Унаследовав у своих предшественников экономический курс, направленный на ускоренное экономическое развитие страны, Махатхир добился значительного успеха в его реализации. Весьма успешно поддерживал он и политические основы авторитаризма, сохраняя при этом полный контроль над системой. Это было не так-то просто, потому что Национальный фронт был сложной и могущественной организацией с коллективным руководством, которое вовсе не состояло из послушных марионеток лидера. Например, Махатхир был вынужден в течение долгого времени мириться с амбициями своего министра финансов, а потом и заместителя Анвара Ибрагима. Либеральный экономист явно подсиживал премьера, но при этом так хорошо справлялся со своей работой, что уволить его Махатхир не мог.
Все изменилось в ходе азиатского финансово-экономического кризиса второй половины девяностых, от которого Малайзия пострадала довольно сильно. Кризис спровоцировал Мохатхира и Анвара на окончательный конфликт, из которого премьер вышел победителем. Против Анвара было выдвинуто обвинение в гомосексуализме, который в Малайзии вне закона. В тюрьме он провел почти шесть лет. Выйдя из тюрьмы, он продолжил политическую карьеру уже в качестве лидера оппозиции, создав собственную партию, программа которой концентрировалась на борьбе с коррупцией.

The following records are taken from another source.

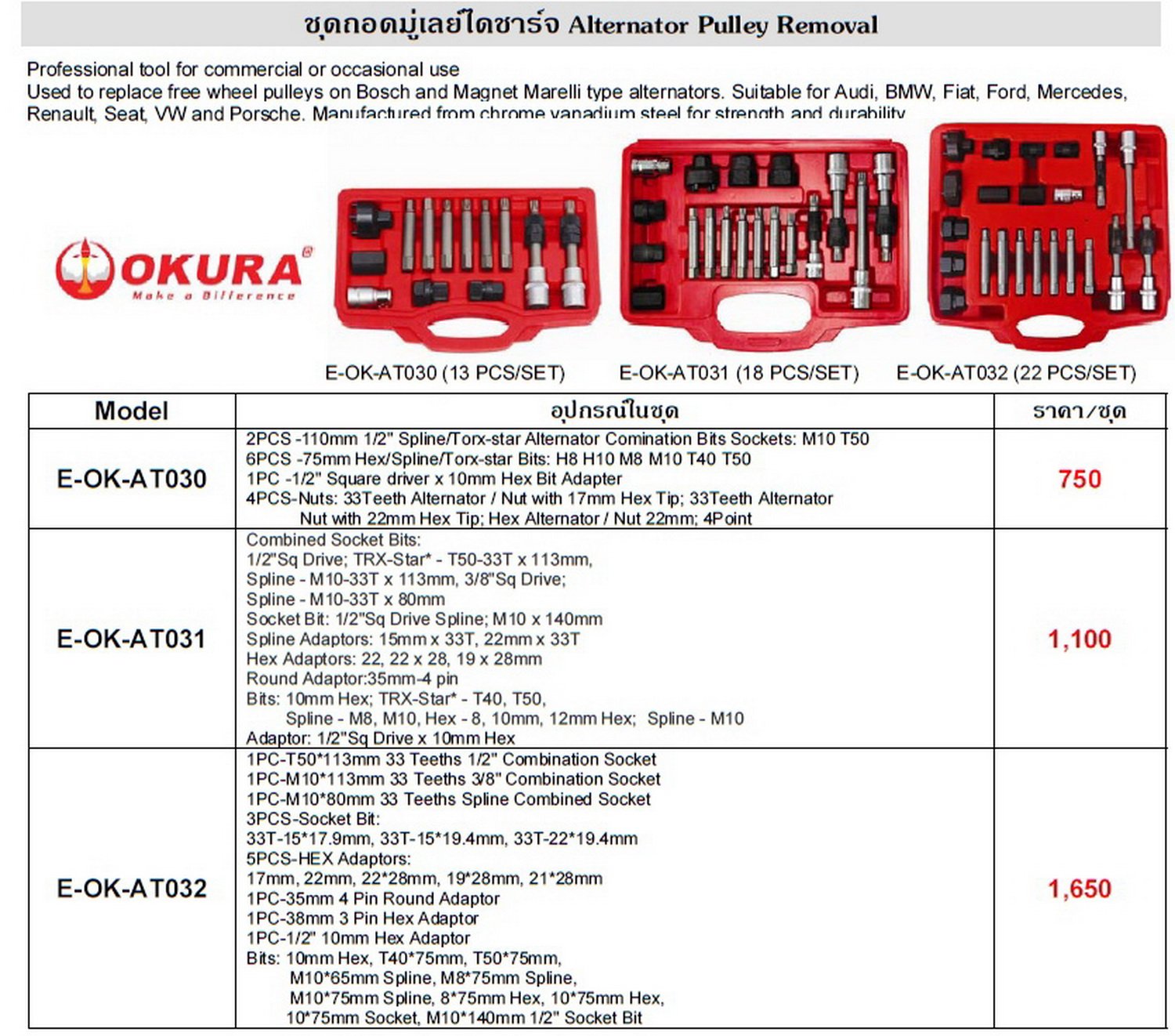 ชุดถอดไดชาร์จ 22ตัว ชุดถอดไดชาร์จ 18ตัว ชุดถอดไดชาร์จ 13ตัว OKURA ถูกที่สุด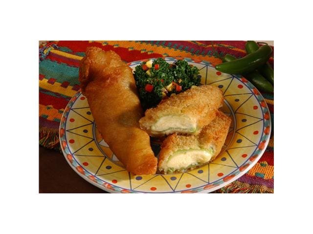 These Chile Rellenos are made using the finest quality New Mexico, USA grown green chile peppers, roasted and stuffed with monterey jack cheese. Delight your taste buds with one of New Mexico’s most popular delicacies. Premium, plump Flame Roasted Green Chile stuffed with cheese and battered, ready to fry or bake. Medium hot heat level flavor. frfrNo more messy ingredients and flops with your egg batter. Great as a main dish or as a side dish. One order contains four rellenos.  Made in New Mexico, USA, utilizing New Mexico green chile. Top these rellenos with our delicious red or green chile salsas or sauces, and side with our authentic pinto beans.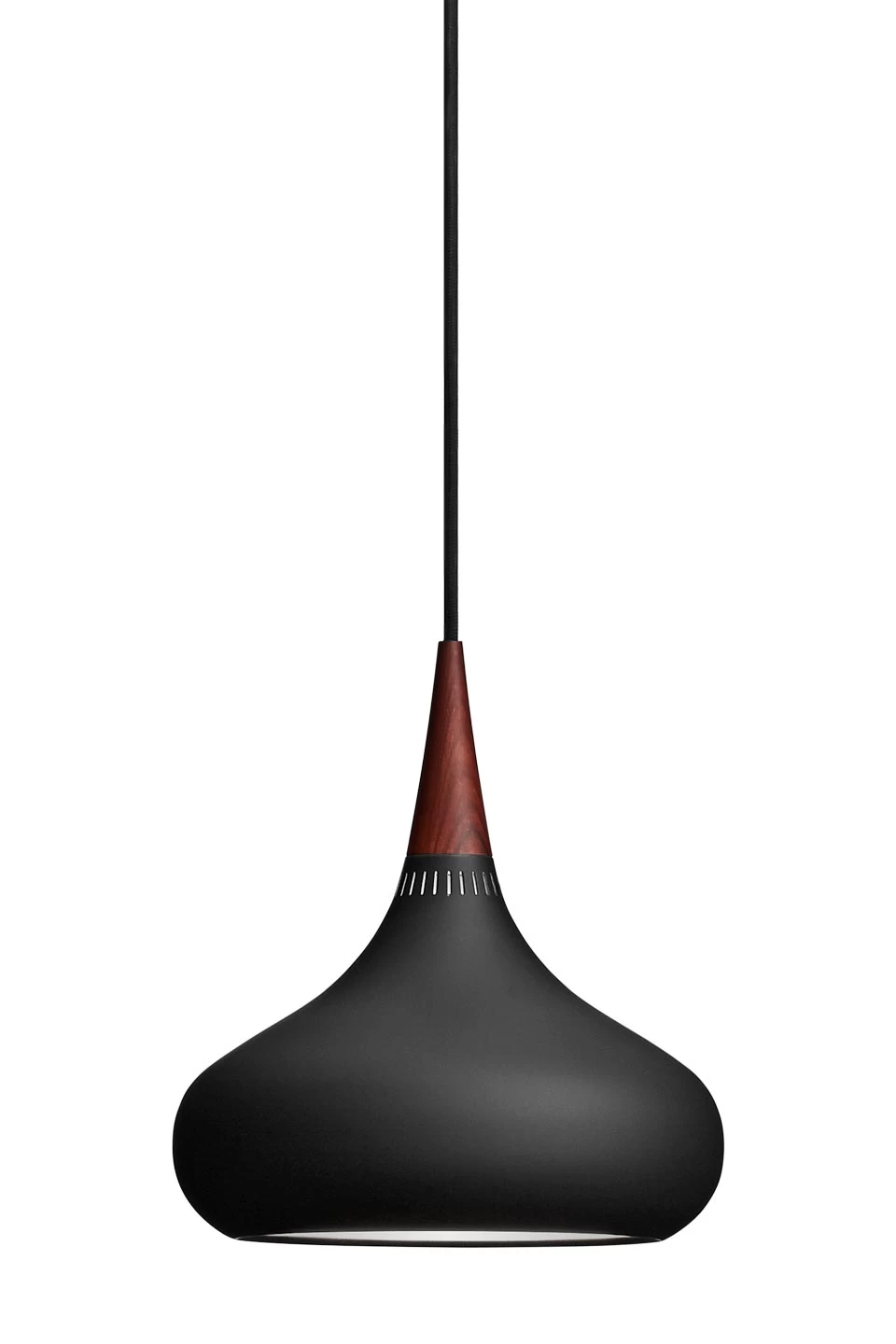 Très beau travail pour cette petite suspension Orient en mĂ©tal laquĂ© noir mat et attache en bois de rose. Elle est munie d’un cĂ´ne de suspension noir et d’un cordon d’alimentation et de suspension recouvert de tissu noir finement tissĂ© d’une longueur de 3m. Cette gamme de luminaire dessinĂ©e par Jo Hammerborg est rĂ©alisĂ©e avec des matĂ©riaux de très grande qualitĂ©. Elle offre une belle lumière reflĂ©tĂ©e dans le cuivre et le dessus en bois de rose grâce Ă de petites fentes ouvertes sur le dessus de la coupole qui permettent Ă©galement la diffusion de la lumière. Existe aussi en diamètre 34cm rĂ©fĂ©rence 21030542 et diamètre 50cm rĂ©fĂ©rence 21030543.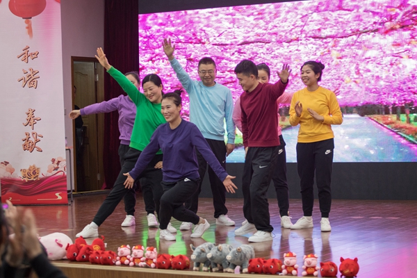 主持人开场后,第一团支部10余位新职工青春活力的《兔子舞》拉开了新春联欢会的序幕。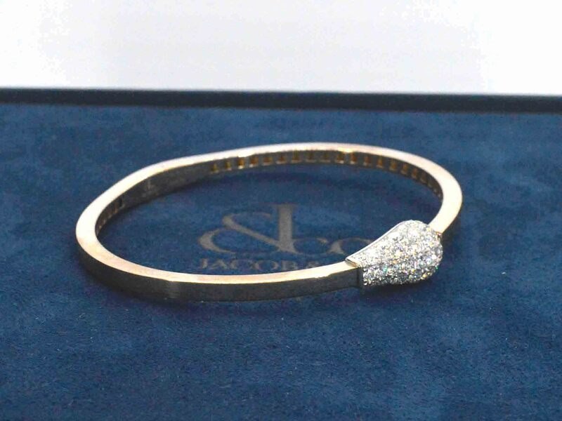 Product: Jacob & Co - Match - Rosegouden design armband met natuurlijke diamanten Specificaties: Diamant: Natuurlijk Slijpvorm: Briljant geslepen Gewicht (carat): 1.09 carat Kleur: F Zuiverheid: VVS Juweel: Armband Merk: Jacob & Co Model: Match Serienummer: 92353XXX Gewicht: 11 gram Materiaal: 18K goud (750) Conditie: Zo goed als nieuw Verpakking: Originele sieradendoos Toelichting: De kwaliteit is overgenomen van het rapport behorend bij item. De waardebepaling is een beoordeling van een gecertificeerde diamantair, gebaseerd op consumentenprijzen. Consumentenprijs: € 12.000,- *Ringen kunnen mogelijk op maat gemaakt worden.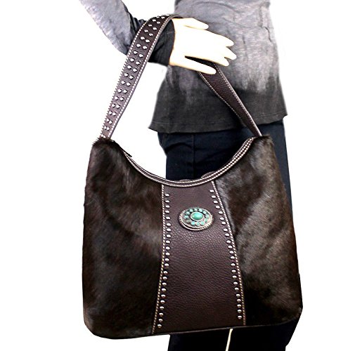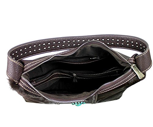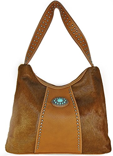 Binding : Apparel Product Description Trinity Ranch® Soft Hair on Hide Leather Front Hobo w/ TQ Accent Product Code: TR17-8284 Bag Measures: Length: 13" Height: 10" Depth: 5" Shoulder Drop: 10" Classic Trinity Ranch by Montana West - Genuine Leather, Soft Hair on Hide in Front - Pu Leather Trim Backing (PU leather: leather particles coated in Polyurethane or a thin layer of leather coated in Polyurethane) - Western Concho w/ Turquoise Beads - Zipper and Pouch Pocket in back - Metal Footed Bottom - Zipper Top Closure - Trinity Ranch Signature Lining - 3 Compartments including center Zipper compartment -2 Open wall pockets and Zipper Pockets inside - Dust Cover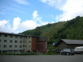 9月中旬、エメラルドグリーンの硫黄泉を味わおうと、志賀高原・硯川ホテルに立ち寄りました。玄関の真正面には標高1,800mの前山がデーンと構えています。 |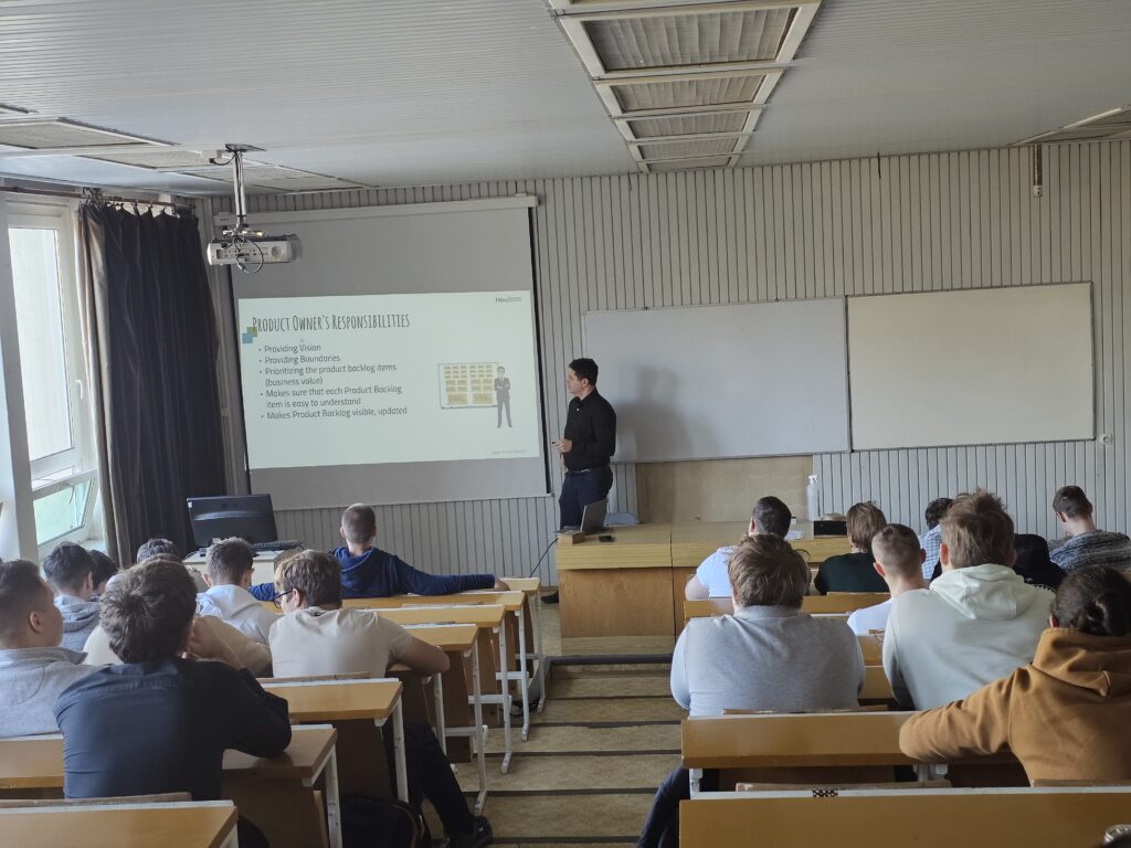 Téma prednášky bola zameraná na kľúčové prvky agilného riadenia projektov, ktoré študentom priblížili praktické aspekty tímovej práce, priorizácie úloh a efektívnej komunikácie pri vývoji produktov.

В 2003 году Махатхир вышел в отставку. В 2009 году премьером стал его бывший подчиненный и верный союзник Наджиб Разак. Но времена изменились, и не в лучшую для Малайзии сторону. Глобальный финансово-экономический кризис и падение цен на нефть больно ударили по стране. Отсюда вытекали два следствия. С одной стороны, население, привыкшее жить в условиях стремительного роста благосостояния, вдруг ощутило, что Малайзия возвращается в «третий мир». С другой стороны, правящий класс, привыкший к безнаказанному обогащению за счет государства в годы процветания, не желал умерять свои аппетиты. Обострилась проблема коррупции. Выборы, прошедшие в 2008 и 2013 годах, ставили Национальный фронт на грань проигрыша. Неудивительно, что против Анвара вновь выдвинули обвинение в гомосексуализме и последние годы он опять провел за решеткой.
Выборы 2018 года стали решающими. На этих выборах Махатхир с шумом вернулся в политику, возглавив оппозиционную Объединенную партию сынов земли Малайзии и целый блок других партий и независимых кандидатов. Что побудило Махатхира к этому необычному шагу? Уж точно не либеральные взгляды. Демократом он никогда не был, и даже новая партия, которую он возглавил незадолго до выборов, ставила во главу угла отнюдь не демократию, а малайский национализм. Судя по словам самого Махатхира – и я думаю, что они были вполне искренними, – его беспокоил как раз возможный крах системы, одним из архитекторов которой он считал себя по праву.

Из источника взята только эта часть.